15.Die Darm-Hirn-Achse, also die Verbindung von Darm und Gehirn, läuft auf unterschiedlichen Wegen, vor allem aber über den Vagusnerv. Auf dieser „Autobahn“, die die beiden Organe neuronal miteinander vernetzt, kommunizieren Darm und Hirn mithilfe verschiedener Botenstoffe, wie. z. B. Hormone und kurzkettige Fettsäuren.
 
16.Der Informationsaustausch verläuft in beide Richtungen. Etwa 90 % der Kommunikation bzw. der Nervenbahnen gehen dabei jedoch vom Darm aus Richtung Gehirn.
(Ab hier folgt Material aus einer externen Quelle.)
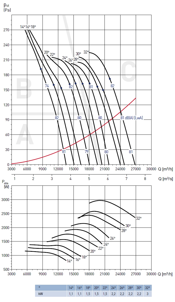 ![]() | Oběžné kolo Oběžné kolo má lopatky z Al slitiny a náboj z ocelového plechu. Oběžné kolo je staticky i dynamicky vyváženo. Nastavení úhlu listů oběžného kola je provedeno výrobcem. Počet lopatek 3, 6 nebo 9. | |
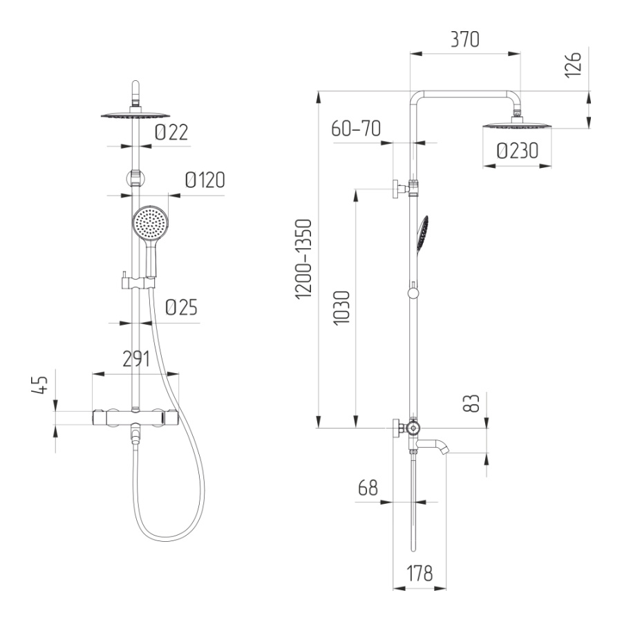 термостат; верхний душ; ручной душ; штанга; душевой шланг; эксцентрики; инструкция.

Nur 10% Steuerung kommen aus dem Gehirn im Darm an und regeln beispielsweise die Sekretion der Verdauungssäfte.
 
17.Der Darm beeinflusst also die Psyche stärker als umgekehrt. Er steuert, ob wir Appetit haben oder satt sind, er kann das Lernen verbessern und die Stimmung negativ wie positiv beeinflussen.
 
18.Dauerstress, Ängste oder familiäre Konflikte sind Faktoren, die das Darmmikrobiom beeinflussen, drastisch reduzieren und dauerhaft verändern.
 
19.Verdauungsstörungen, entzündliche Veränderungen der Darmschleimhaut und Abnahme der Mikrobiota können psychische Störungen wie bipolare Störungen, Panikattacken und Depressionen auslösen.
 
20.Schlafmangel, unregelmäßige Schlafmuster (z. B. bei Schichtarbeit) können das Mikrobiom schädigen, verändern und reduzieren.
 
21.Chronische Infektionen und andere chronische Prozesse, wie entzündliche Darmerkrankungen, können das Gleichgewicht und die gesunden Funktionen des Mikrobioms direkt schädigen.
 
22.Entzündlich-rheumatische Schmerzerkrankungen, sowie auch Allergien und Autoimmungeschehen werden aus einem gestörten Mikrobiom gespeist.